* Exercise objective
Within the records below, find the line with "The essential elements" and the line with "설치가 완료되고, 사용자", then reproduce exactly those two lines and all lines between them, without any picture.

* Dataset entries

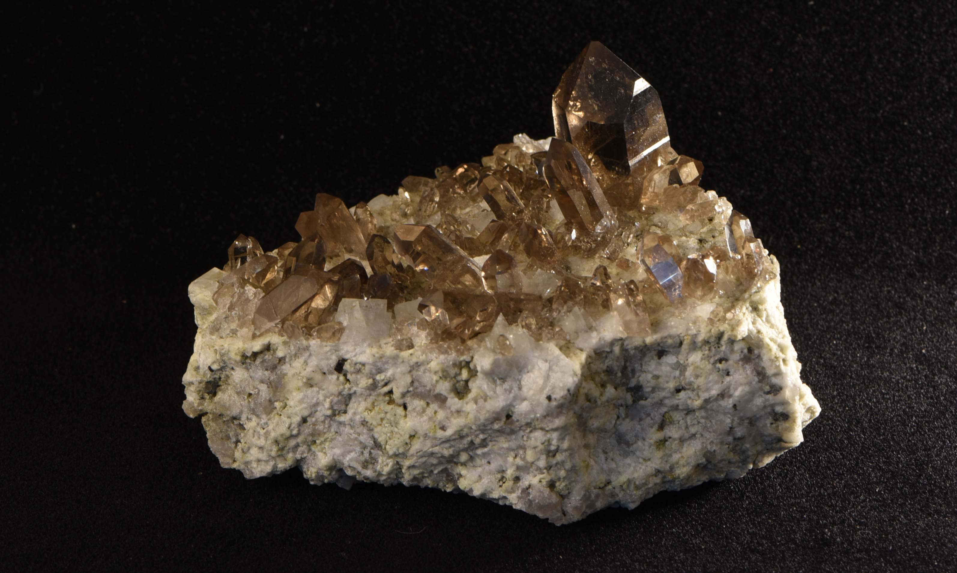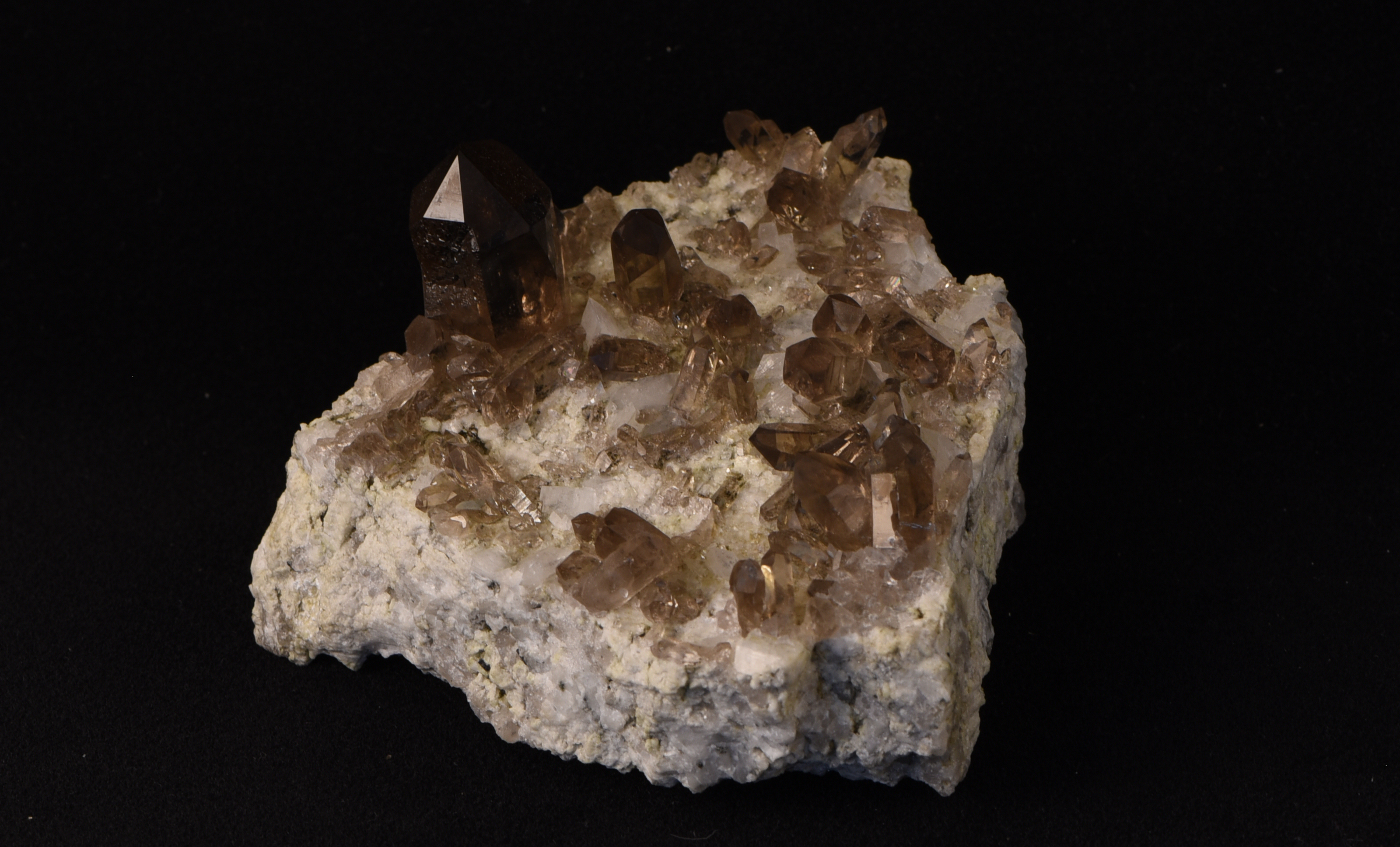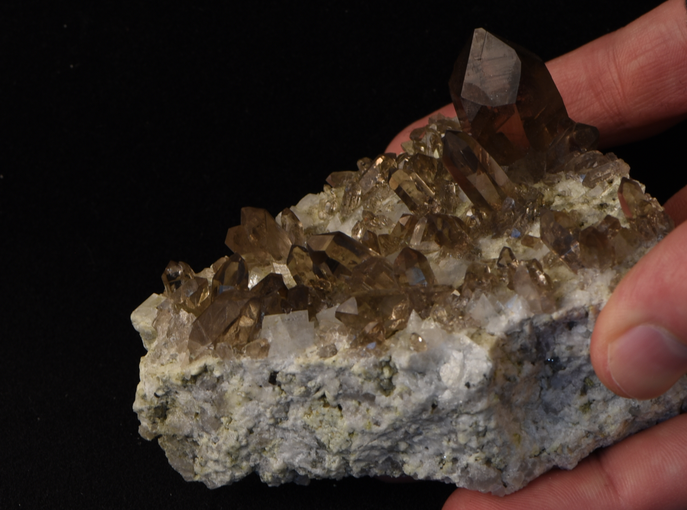Auf dieser Stufe befinden sich sehr viele kleinere Rauchquarz-Spitzen und eine etwas größere Spitze mit einer Länge von 2,5 cm.
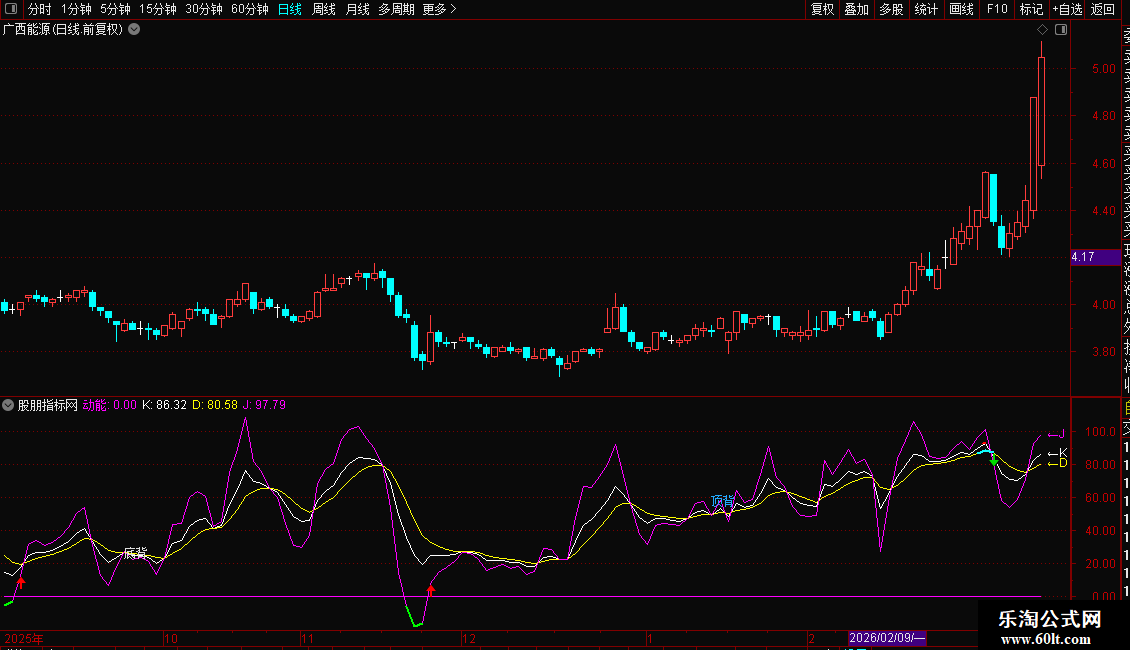 {日周月金叉:J线趟底三天左右,当J线上穿零,就是买入时机}
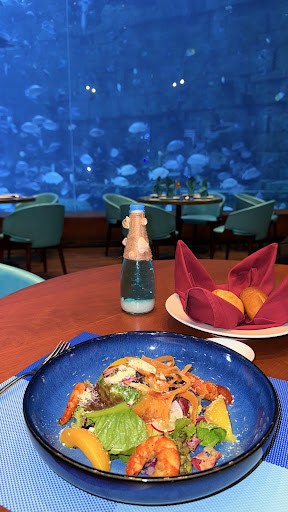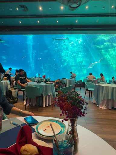 Read moreThe food was good (set menu), the view was very nice, but what ruined our experience was the service and the stuff, they didn’t welcome us properly and it seemed like they got very pissed off when they knew that we have dinner booked and paid for already with our tickets (they scanned it more than 3 times), they wanted us to order the food while standing on the door then go sit on the table as if we would run away (they didn’t let us to sit on the table near the aquarium although it’s empty), snd they don’t speak English properly. Overall this restaurant is only for watching fishes experience while eating...
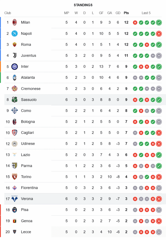 หลังเกมนี้ ซัสเซาโล่ เก็บเพิ่มเป็น 9 คะแนน ขยับขึ้นสู่อันดับ 8 ของตาราง มีลุ้นพื้นที่ยุโรป ขณะที่ เวโรน่า ยังคงสะกดคำว่าชนะไม่เป็น มีเพียง 3 คะแนนจาก 6 นัด รั้งอันดับ 17 สุ่มเสี่ยงตกชั้นหากฟอร์มไม่ดีขึ้นในเร็วๆ นี้
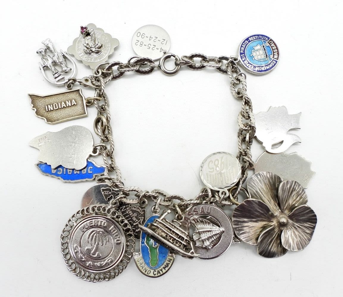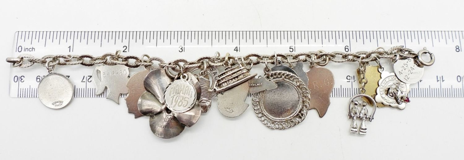30DWT, 7 1/2IN LONG, SPRING CLASP STAMPED 925, 17 CHARMS ALL STAMPED STERLING
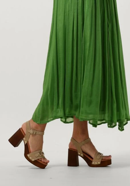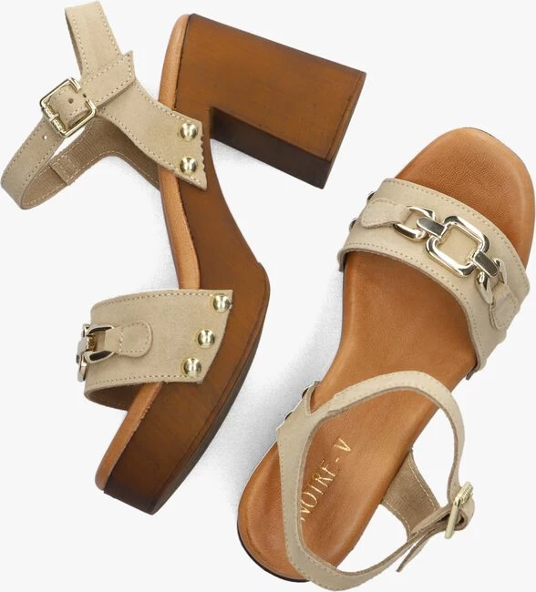 De elegante Italiaanse ontwerpen van het merk NOTRE-V zijn er voor de verfijnde vrouw die er graag effortless chic uit wil zien. Gemaakt van luxe materialen met mooie accenten en een knipoog naar de laatste trends. Deze trendy sandalen zijn niet alleen heel mooi om te zien, maar maken jou outfit helemaal af. Dit taupekleurige model 8635 met hoge blokhak en plateau heeft brede bandjes van suède over de wreef die op de zijkant van de zoolrand bevestigd zijn met opvallende bolstuds voor een stoere look. De sandaal is gevoerd met leer en suède en het voetbed heeft een gewatteerde vulling voor dempend comfort de hele dag door. De plateau en blokhak met houtlook geeft deze sandaal die eigenwijze jaren ’70 look. De blokhak is 10 centimeter hoog, maar door het plateau onder de voorvoet met een dikte van 3,5 centimeter loopt deze sandaal lekker comfortabel. Waar draag jij ‘m bij?Â
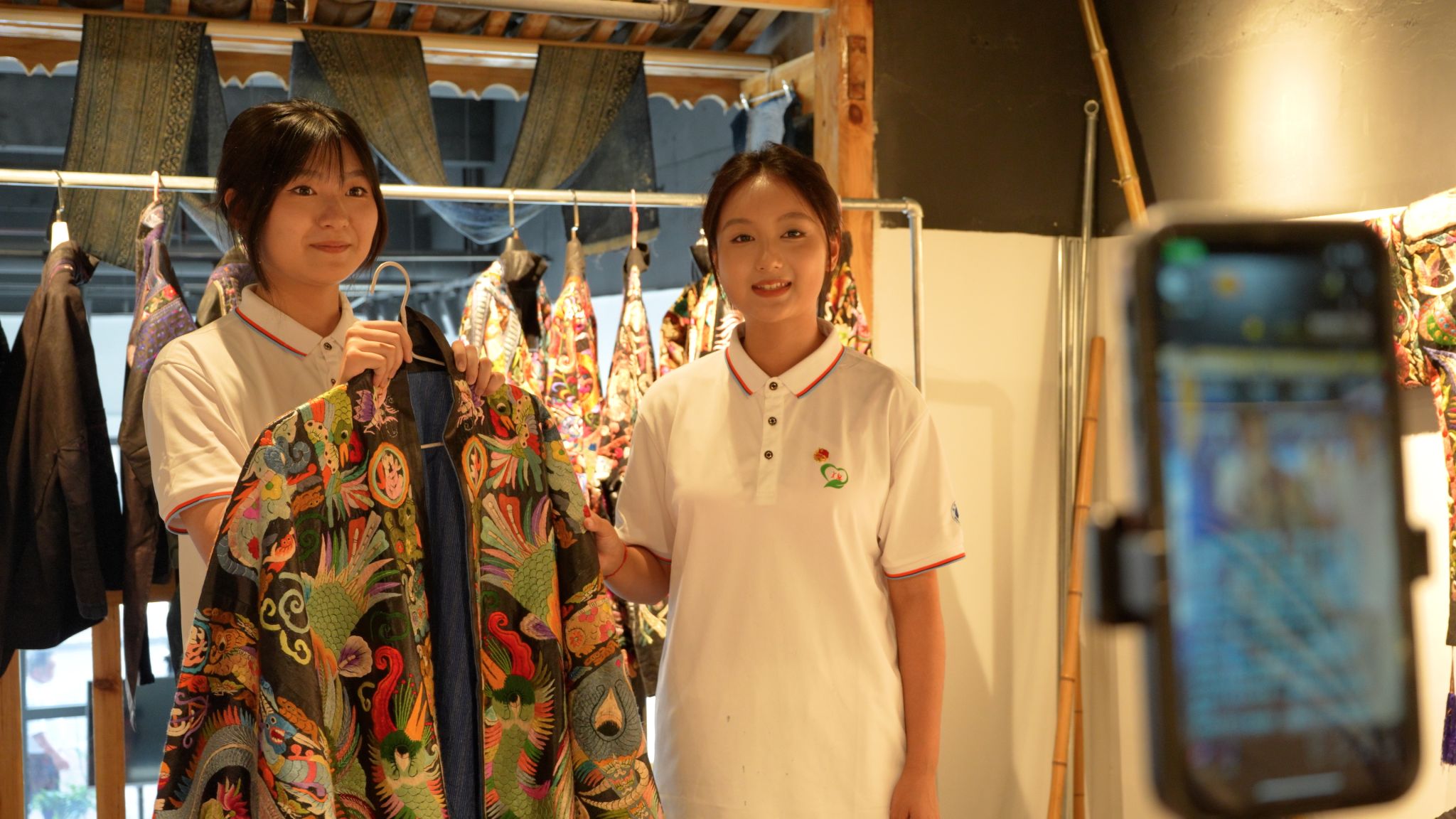 实践团成员在张艳梅老师的带领下动手体验蜡染过程,学习蜡染的精妙技艺。同时,实践团成员深入调研工坊非遗产品类型、创新模式及电商销售模式,并亲身体验苗绣产品线上销售,为工坊产品直播带货,助力苗绣、蜡染工艺品的推广传播。
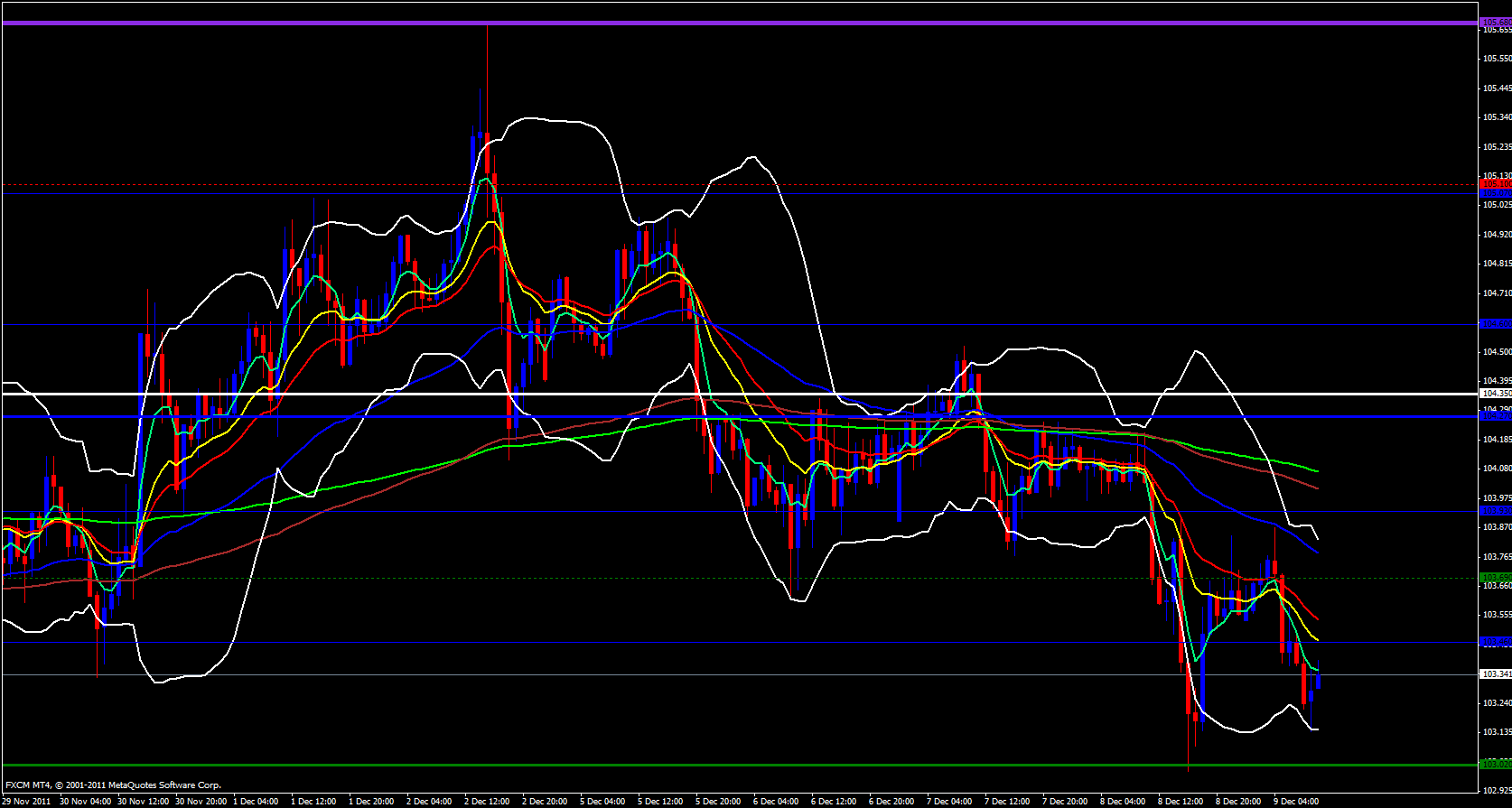 Moving on to the hourly time frame price is riding the 5 ema to the downside and the 5 ema has crossed below the 13 ema and the lower Bollinger band is pointing down. The weekly S1 pivot is at 103.02 and a bounce is expected at that level offering a small scalp to the upside then a good opportunity to enter a short position.
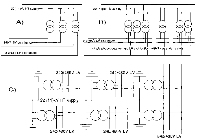 The essential elements of the system are shown in Fig 1. All the voltages are shown for a 22 kV main distribution (and in brackets an 11 kV).
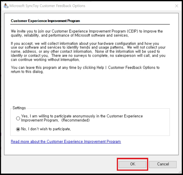 설치가 완료되고, 사용자 피드백 참여 여부를 묻는 창이 나옵니다. 아무거나 선택하고 [OK]를 클릭합니다.
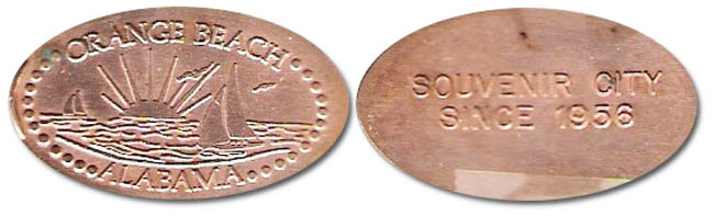 Two single-die electric machines. The designs are both double sided, with the same design of a sailboat at sunset. One says Orange Beach, Alabama. The other says Gulf Shores, Alabama.

* Response box
 The essential elements of the system are shown in Fig 1. All the voltages are shown for a 22 kV main distribution (and in brackets an 11 kV).
 설치가 완료되고, 사용자 피드백 참여 여부를 묻는 창이 나옵니다. 아무거나 선택하고 [OK]를 클릭합니다.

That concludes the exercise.